Don Bosco estaba la mar de satisfecho de la afectuosa correspondencia juvenil a sus cuidados; pero al
principio del año se le enredó algún disgusto que sintió mucho. Fue con motivo de ver que los alumnos
eran tratados duramente en ocasiones por alguno de sus colaboradores.

El mismo lo contaba: «Un domingo por la tarde vi a un muchacho mayor maltratar a un compañero suyo
más pequeño. Ante el hecho, me estremecí y tuve que hacerme violencia para callar. Mas, al día siguiente,
cuando me encontré con el mocetón, no dejé de hacerle una amable reprensión».

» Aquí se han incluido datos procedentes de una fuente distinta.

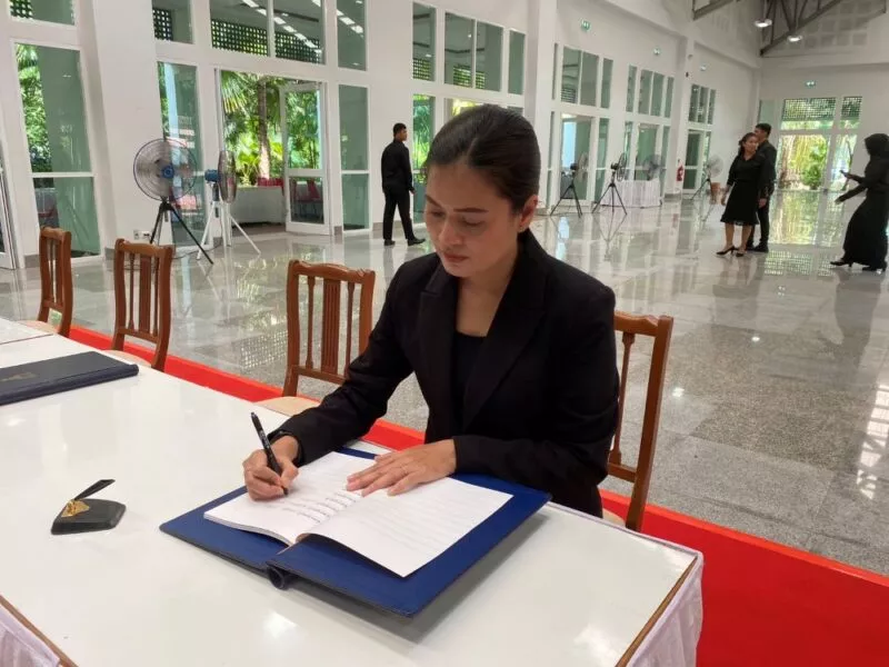 ด้าน นางสาวธนัฏฐา ตูแวมะ เจ้าหน้าที่สถานสงเคราะห์เด็กชายนราธิวาส ได้กล่าวว่า การสูญเสียครั้งนี้ ถือเป็นการสูญเสียครั้งยิ่งใหญ่ของแผ่นดินไทย พวกเราชาวไทยทุกหมู่เหล่าต่างรู้สึกโศกเศร้าอาลัยยิ่ง จึงมาร่วมน้อมรำลึกและลงนามถวายความอาลัย ด้วยความจงรักภักดีและสำนึกในพระมหากรุณาธิคุณอย่างสุดซึ้ง

Pero, pese a los repetidos avisos, no siempre podía impedir semejantes inconvenientes; a veces, porque
algunos destinados a la asistencia, eran de índole más bien dura y dominante; otras, porque su poca
paciencia se sometía a dura prueba. Por esto, y especialmente en la iglesia, propinaban fuertes coscorrones
a los pocos que dormían o estorbaban durante el sermón y las oraciones. Con tal motivo, hubo disgustos
dentro y fuera del Oratorio. Temiendo, sin embargo, don Bosco que algunos de sus colaboradores, que
tenían buena voluntad, se disgustaran o se marcharan del Oratorio, si estaba predicando, disimulaba y
procuraba dominarse; al fin, resuelto a acabar con aquel desorden, se puso de acuerdo con el joven José
Brosio, que desde 1841 había empezado a ayudarle en San Francisco de Asís. Brosio, que por más de
cuarenta años se mantuvo fiel y amigo, se sintió feliz de poder librar a don Bosco de aquella contrariedad.
Dirigía él las oraciones desde el presbiterio; cuando éstas terminaban, se paseaba de arriba a abajo de la
iglesia a fin de prevenir cualquier acto violento de sus compañeros asistentes. De vez en cuando sacudía
ligeramente a los que dormían y si advertía que se entregaban voluntariamente al sueño los despabilaba
con la ingrata sorpresa ((115)) de unos polvos de rape en las narices; a los que estorbaban, charlando o
moviéndose, se les quedaba mirando fijamente con una mirada severa que imponía obediencia, siendo
como él era corpulento de estatura y con sus veinte años. Si alguno no se daba por enterado a la primera
señal, bastaba entonces un gesto de amenaza. Entre tanto prometía algún pequeño premio aquí y allá al
que se portarse mejor, y cuando don Bosco subía al púlpito, el auditorio estaba perfectamente tranquilo.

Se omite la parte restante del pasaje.